TABLE 8 powder XRD (4)
XRD results show that the powder is mainly alpha-PbO and beta-PbO, the total content of the alpha-PbO and the beta-PbO is about 60%, the content of free lead is about 40%, the content of lead tetraoxide is extremely low, almost none of the lead tetraoxide is contained, the 10# sample is the first feeding sample, the 12# sample is the last feeding sample, and the content of the 3 samples is basically kept close.
From the results, under the same pulverizing process conditions, the content of Ba element is increased, the oxidation efficiency is obviously reduced, and the powder has lower oxidation degree and is unfavorable for battery production.
Example 9
The powder making furnace is preheated, the temperature in the furnace reaches 450 ℃, high-speed centrifugal stirring rotation is started, negative air pressure is started, lead liquid in the embodiment 4 is selected to start flowing into the powder making furnace, meanwhile, air is introduced at the speed of 8L/min, the temperature in the furnace starts to gradually rise, the temperature reaches 490 ℃, air is introduced at the speed of 10L/min, the temperature slowly drops, the temperature in the furnace is kept in the range of 470-490 ℃, the flow rate of the lead liquid is kept, after the powder making, crushing and screening processes, the powder enters a powder bin for collection, after cooling is finished, 3 samples are sampled according to the feeding time sequence of the powder bin for XRD test, and the results are shown in table 9.
TABLE 9 powder XRD (5)
XRD results show that the powder is mainly alpha-PbO and beta-PbO, the total content of the alpha-PbO and the beta-PbO is more than 75%, the content of free lead is less than 20%, the content of the residual lead tetraoxide is lower, the 13# sample is a first feeding sample, the 15# sample is a last feeding sample, and the content of 3 samples is basically kept close.

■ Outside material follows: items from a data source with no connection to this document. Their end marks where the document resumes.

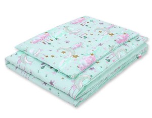 Dwustronna pościel dla dzieci 2-częściowa bawełniana - księżyce miętowe
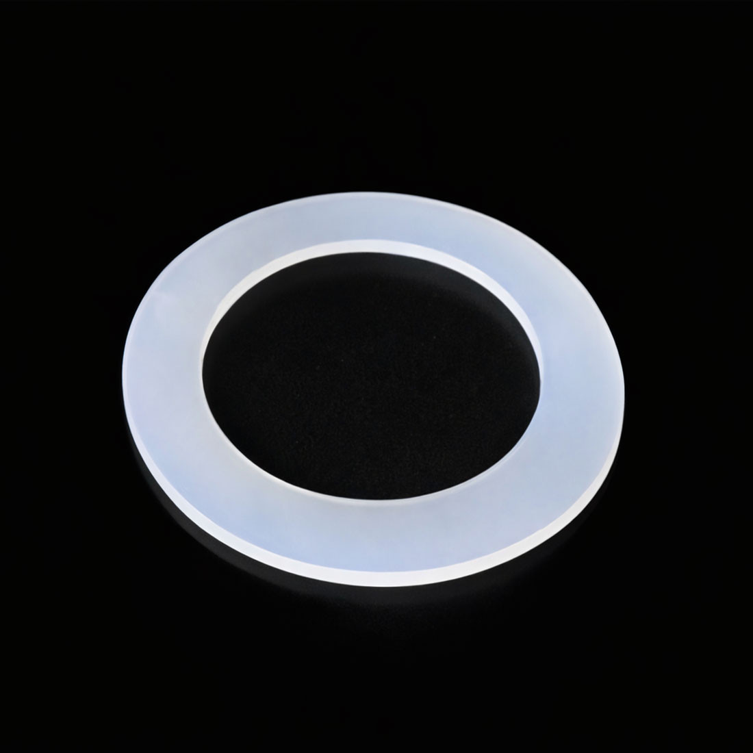Rondelles en silicone transparent diamètre intérieur 40 mm et diamètre extérieur 59 mm, épaisseur 2 mm.
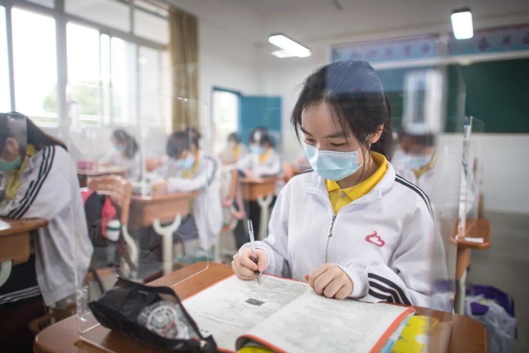 5月6日,武汉市第二十三中学的高三年级学生在教室自习。武汉市第二十三中学为高三年级的540名复学学生准备了透明隔板,以阻断交流、就餐时可能产生的飞沫,力保师生健康安全。 新华社记者 肖艺九 摄
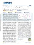 pubs.acs.org/acscatalysis Letter Kinetic Resolution of α‑Tertiary Propargylic Amines through Asymmetric Remote Aminations of Anilines Yongkai Pan,¶ Donglei Wang,¶ Yunrong Chen, DeKun Zhang, Wei Liu, and Xiaoyu Yang* Cite This: ACS Catal. 2021, 11, 8443−8448 Downloaded via INDIAN INST OF TECH KANPUR on January 16, 2025 at 06:51:52 (UTC). See https://pubs.acs.org/sharingguidelines for options on how to legitimately share published articles. ACCESS Metrics & More Read Online Article Recommendations sı Supporting Information * ABSTRACT: A practical method for kinetic resolution of α-tertiary propargylic amines has been achieved via asymmetric remote aminations of anilines with azodicarboxylates enabled by chiral phosphoric acid catalysis. A broad range of aryl and alkyl groups at the α-position, as well as the substituted alkynyl and N-aryl groups were well tolerated in these reactions, providing high kinetic resolution performances (with an s-factor up to 111). In addition, the α-tertiary amines bearing an α-CN group (the Strecker reaction product) could be kinetically resolved with excellent stereoselectivity as well under the same reaction conditions. Fruitful transformations of the chiral amination products and the recovered propargylic amines demonstrated the power of this method in asymmetric synthesis of α-tertiary amines and their derivatives. KEYWORDS: kinetic resolution, propargylic amines, α-tertiary amines, asymmetric remote amination, chiral phosphoric acids E elegant KR methods for amines and their derivatives have been developed via asymmetric acylations,13 hydrogen-transfer reactions,14 and others,15 almost none of them have been successfully applied in KR of α-tertiary amines.15a Not surprisingly, the KR of propargylic amines through chiral thiourea-catalyzed benzoylations13f and using a stoichiometric amount of chiral acetylating agent13i has been developed; however, the scope was also limited to α-secondary propargylic amines (Figure 1d). Recently, our group reported the highly efficient kinetic resolution of 2,2-disubstituted hydroquinolines via chiral phosphoric acid (CPA) catalyzed remote-aminations, which represents the first efficient KR of α,α-disubstituted Nheterocycles.16 With our continuous interest in development of novel asymmetric amination reactions of aryl amine derivatives,17 herein we disclose the first KR of α-tertiary propargylic amines (N-aryl propargylic amines bearing N-containing quaternary stereocenter at the α-position) by utilizing this strategy (Figure 1e). We commenced our study by using racemic N-Ph α-tertiary propargylamines 1a as a model substrate and dibenzyl azodicarboxylate 2 as an amination reagent (Table 1). Under the catalysis of CPA TRIP (A1, 10 mol %), the KR reaction between racemic 1a (1.0 equiv) and azodicarboxylates 2 (1.0 equiv) proceeded smoothly in CHCl3 at 20 °C to provide the nantioenriched propargylic amines are important building blocks in the asymmetric synthesis of numerous chiral pharmaceuticals1 and biologically active natural products.2 Consequently, extensive efforts have been devoted to the development of asymmetric catalytic synthesis of propargylic amines in the last two decades.3 However, asymmetric methods that can generate α-tertiary propargylic amines (with an α-tetrasubstituted stereocenter) were still quite limited. Several elegant asymmetric addition reactions of ketimines (either using alkynyl pronucleophiles4 or alkynyl ketimines5) were developed for asymmetric synthesis of αtertiary propargylic amines. However, the ketimine substrates in these reactions were limited to activated ketimines, which possessed at least one α-electron-withdrawing group (e.g., ester and −CF3 groups) (Figure 1a). In contrast, asymmetric additions of acetylene derived nucleophiles to unactivated ketimines were more challenging, probably because of the low reactivity and difficulties in stereoselectivity control. The Ellman group6 and the Maruoka group7 reported the asymmetric synthesis of α-tertiary propargylamines through chiral auxiliary mediated addition of organolithium reagents to unactivated ketimines, respectively. Although the asymmetric catalytic version of this reaction has been achieved by Shibasaki and co-workers through chiral Cu(I) catalysis, only moderate enantioselectivities were afforded in these reactions (50−78% ee, Figure 1b).8 The alternative approaches for asymmetric synthesis of α-tertiary propargylic amines were enantioselective propargylic aminations, however, whose scope was limited to ethynyl epoxides,9 ethynyl lactones,10 and ethynyl cyclic carbonates11 (Figure 1c). Kinetic resolution (KR) of amines12 is a practical method to produce enantioenriched amines. Although a number of © 2021 American Chemical Society Received: May 24, 2021 Revised: June 21, 2021 Published: June 25, 2021 8443 https://doi.org/10.1021/acscatal.1c02331 ACS Catal. 2021, 11, 8443−8448 ACS Catalysis pubs.acs.org/acscatalysis Letter Table 1. Optimizations of Reaction Conditionsa entry cat sol. time (h) ersb erpb Cc (%) sd 1 2 3 4 5 6 7 8 9 10 11 12 13e 14f 15f,g A1 A2 A3 A4 A5 A6 A7 A8 A8 A8 A8 A8 A8 A8 A8 CHCl3 CHCl3 CHCl3 CHCl3 CHCl3 CHCl3 CHCl3 CHCl3 Tol DCM CCl4 Et2O CHCl3 CHCl3 CHCl3 24 60 48 24 3 24 24 3 8 8 8 24 8 24 72 56:44 53:47 51:49 71:29 75:25 60.5:39.5 60:40 91:9 65:35 71:29 91:9 54.5:45.5 90:10 94:6 84:16 86:14 71.5:28.5 53:47 73.5:26.5 89.5:10.5 81.5:18.5 83:17 90.5:9.5 85.5:14.5 88:12 89:11 84:16 92:8 96:4 96.5:3.5 15 12 25 47 39 25 23 50 30 36 51 11 49 49 42 6.8 2.6 1.1 4.1 14 5.4 5.9 24 7.9 11 20 5.6 29 66 59 Figure 1. Asymmetric synthesis of α-tertiary propargylic amines. a Reactions were performed using 1a (0.1 mmol), 2 (0.1 mmol), CPA catalysts (0.01 mmol), and 3 Å molecular sieves (30 mg) in solvents (1 mL) at the designated temperature. bDetermined by HPLC analysis on a chiral stationary phase. cConversion (C) = ees/(ees + eep). ds = ln[(1 − C)(1 − ees)]/ln[(1 − C)(1 +

As can be seen from the results, compared with example 8, the oxidation efficiency is obviously improved by adjusting the pulverizing process, and the oxidation degree of the powder meets the production process requirements of the storage battery.
Example 10
The powder making furnace is preheated, the temperature in the furnace reaches 500 ℃, high-speed centrifugal stirring rotation is started, negative air pressure is started, lead liquid in the embodiment 4 is selected to start flowing into the powder making furnace, meanwhile, air is introduced at the speed of 8L/min, the temperature in the furnace starts to gradually rise, the temperature reaches 520 ℃, air is introduced at the speed of 12L/min, the temperature slowly drops, the temperature in the furnace is kept within the range of 490-510 ℃, the flow rate of the lead liquid is kept, after the powder making, crushing and screening processes, the powder enters a powder bin for collection, after cooling is finished, 3 samples are sampled according to the feeding time sequence of the powder bin for XRD test, and the results are shown in table 10.
TABLE 10 powder XRD (6)
XRD results show that the measured powder is mainly composed of alpha-PbO and beta-PbO, the total content of the alpha-PbO and the beta-PbO is about 85%, the content of beta-PbO starts to increase, the content of free lead is less than 10%, the content of the residual lead tetraoxide component also starts to increase, a 16# sample is a first feeding sample, a 18# sample is a last feeding sample, and the 18# sample entering a powder bin later in the stage is obviously different from the 16# sample in phase, and the difference of the front and rear powder is unfavorable for the consistency of the subsequent batteries.
Example 11
(1) Preparation of Experimental cell # 1
The powder prepared in example 5 was selected, and a battery test was performed, and a vacuum paste mixer was used to prepare a lead paste, a negative plate, and a total of 60.2kg sulfuric acid (density: 1.4g/cm 3) and 66.5kg pure water were added to the powder having a weight of 700 kg.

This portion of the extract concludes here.